Кику отчётливо помнил, как добирался сюда: укутавшись в одежду, но всё равно замёрзший. Шёл дождь, перемешанный с льдистым снегом, вода хлестала в лицо, снег был холодным, бил по щекам из-за порывистого ветра, по ощущениям было похоже на стекло, летящее в лицо. Нельзя было даже головы поднять — вода заливала глаза, снег мгновенно таял на губах. Заплетающимися ногами Хонда неуверенно шагал сквозь сугробы, большими усилиями стараясь не упасть. Добравшись, Япония с облегчением выдохнул, отряхивая снег с одежды и утирая вымокшее лицо рукавом.

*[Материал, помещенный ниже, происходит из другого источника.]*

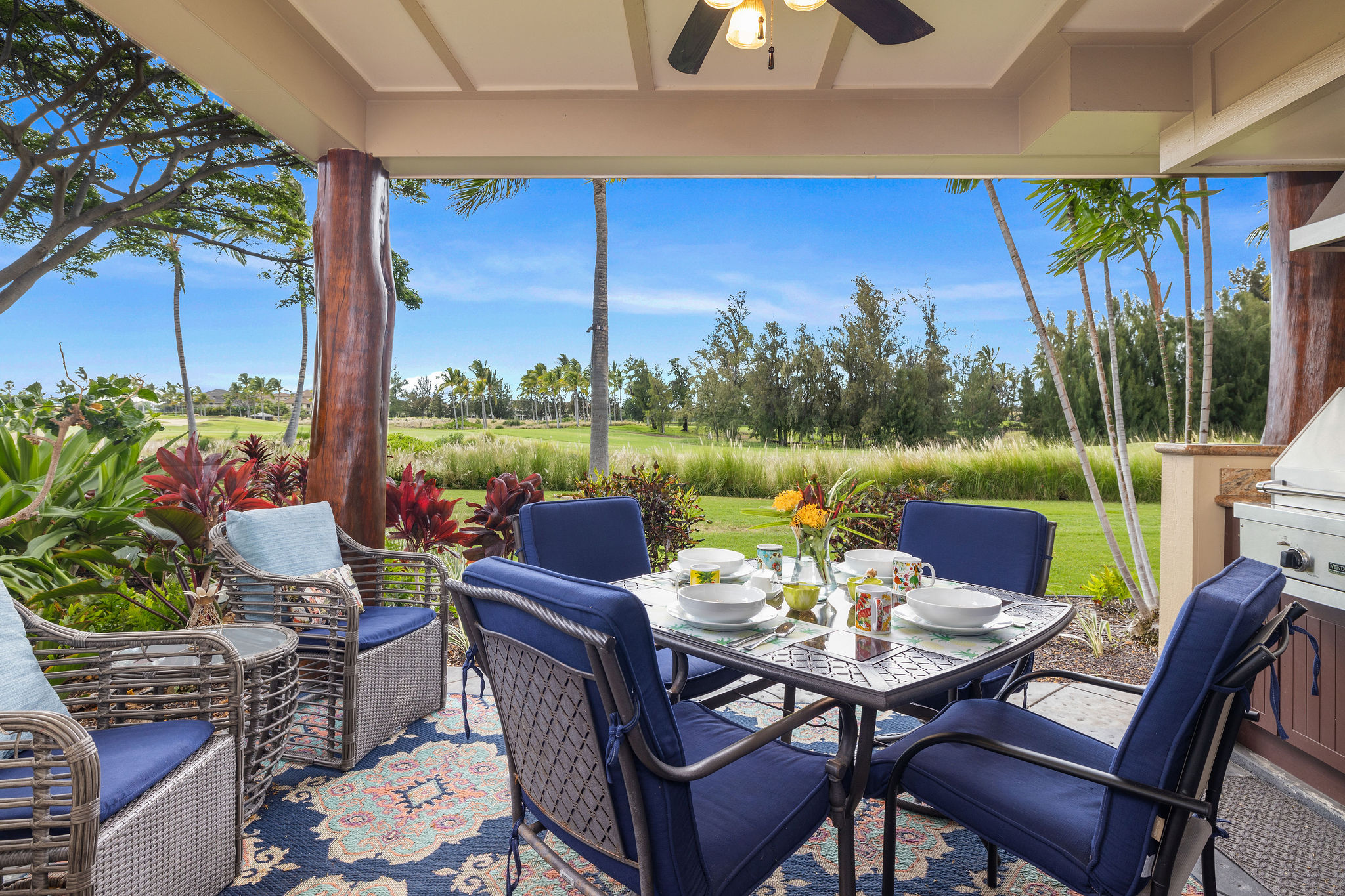 Lanai with built-in Viking BBQ and wet bar — perfect for sunset dinners overlooking the golf course.
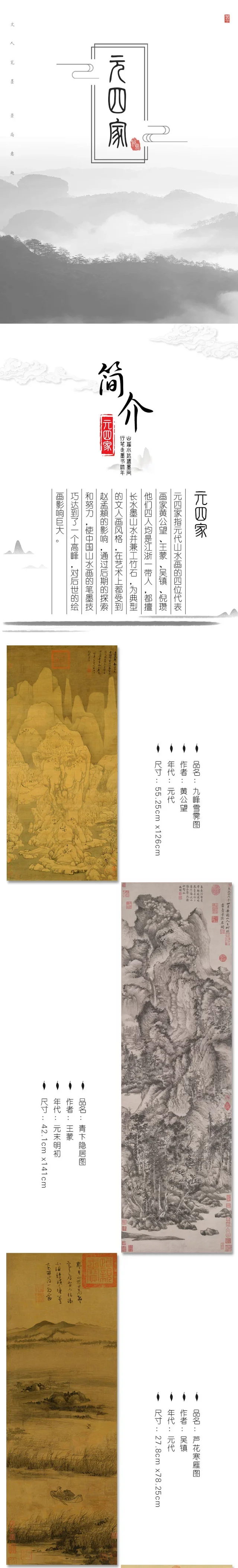 元四家经典画作《九峰雪霁图》《青卞隐居图》《芦花寒雁图》《秋亭嘉树图》 原大高清宣纸复制(未装裱)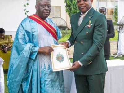 Après le port des insignes aux récipiendaires, la lecture et la signature des procès-verbaux de réception, Philipe Adeniyi a pris la parole au nom des récipiendaires. D’abord, il a rendu grâce à Dieu pour l’honneur qui leur est fait de vivre ce moment historique. C’est un grand honneur, a-t-il mentionné, de prendre la parole pour exprimer nos sentiments profonds et transmettre avec sincérité notre reconnaissance. Par la suite, tour à tour, il a remercié les autorités qui ont reconnu à divers niveaux leurs qualités et efforts notamment le Président Patrice TALON, le président Louis Ghèhounou VLAVONOU pour son soutien et son accompagnement ; les anciens présidents de l’Assemblée nationale Adrien HOUNGBEDJI, Bruno AMOUSSOU, Antoine Kolawolé IDJI et Mathurin Coffi NAGO. Ses mots de remerciements sont également allés à l’endroit de la Grande chancellerie.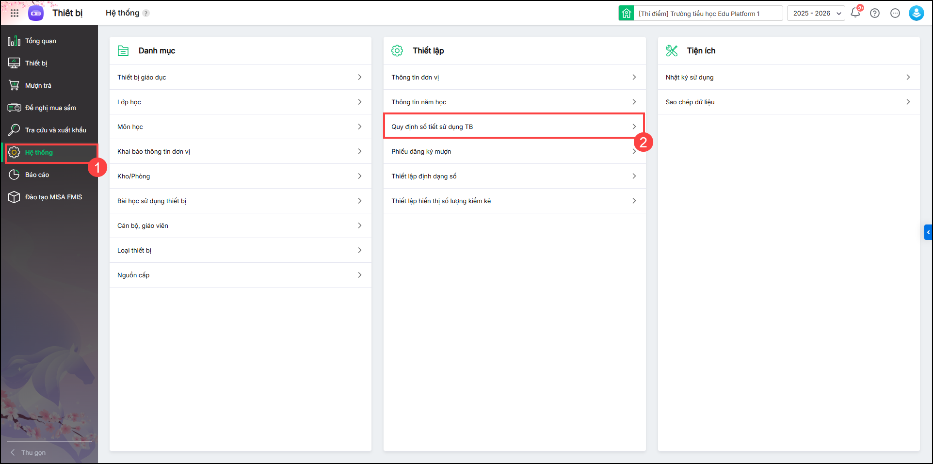 1. Vào Hệ thống/Quy định số tiết sử dụng TB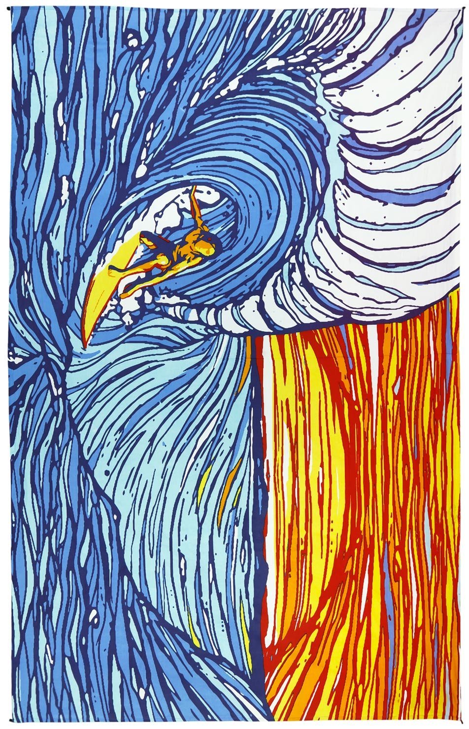 Sunshine Joy Sunset Surfer Beach Tapestry -- In India, they are what locals use as bedcovers. People use them at home for tablecloths, bed-sheets, room dividers, curtains, window treatments, ceiling decor and to quickly cover up. - The corner loops make our tapestries the perfect multipurpose outdoor traveling companion. Secure your picnic sheet . At festivals, stake out an appropriate amount of space for your friends. Tie up a sunscreen at the campsite. Great at the beach as a windproof beach sheet or sun cover-up. 100% Cotton. Our tapestries are printed, not quilted or woven. They are hippie Indian tapestries. Thin as sheet. Good, tight power loom construction. Hemmed edges. The printing process is unique to India. Each tapestry has its unique imperfections. Sunshine Joy's tapestries are printed with a special soft fiber reactive dye. This is the same soft feeling of your favorite tie-dyed T-shirt. Some colors may show through the back side to give the impression that they are double sided with one side lighter than the other. Actually, they are only printed on one side. -- Size is approximately 5 feet by 7.5 feet. 60 inches by 90 inches 152 centimeters by 228 centimeters 1.52 meters by 2.28 meters. Fits a twin XL college dorm bed.BOLD: Intricate psychedelic artwork of the perfect waveHUGE: Measures approximately 60 by 90 inchesLOOPED: Equipped with sturdy corner loops for easy hanging, tying & beach stakingREAL: Hand crafted in India using traditional methodsFUNCTIONAL: Makes a great wall hanging, tablecloth, beach cover up, couch cover or window curtain
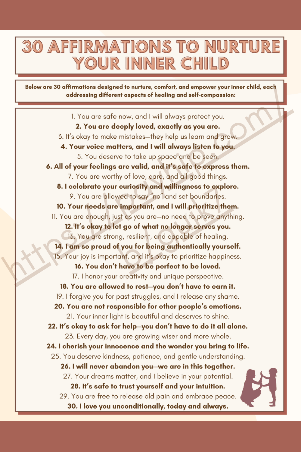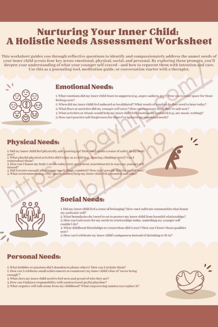 This worksheet offers 30 affirmations designed to nurture, comfort, and empower your inner child, each addressing different aspects of healing and self-compassion.

Часы на стене тикали, подобно обратному отсчёту перед казнью. Япония закрыл глаза, тяжело вздохнув — рукав Германии резко нагрелся из-за дыхания Хонды. Потом Кику выпустил Германию, поспешно отодвигаясь.

— Простите, Германия-доно, — Япония говорил тихим, сдавленным тоном. — Я не справился. Не смог выиграть войну. Я обещал, что выиграю, но я подвёл Вас.

Он сделал над собой усилие и поднял глаза, встретившись взглядом с Людвигом. Его водянисто-голубые глаза сверкнули в тусклом свете камина, отчего Кику стало немного не по себе.

— Всё в порядке, — Германия слабо улыбнулся, приглушённо вздыхая. — Ты не виноват. Это всё моя вина, если бы я не начал войну, то ничего бы не произошло.

— Стать Вашим союзником решил я, — Хонда неопределённо пожал плечами. — То есть, я мог бы отказаться. Так что мы оба виноваты. Сейчас это уже неважно.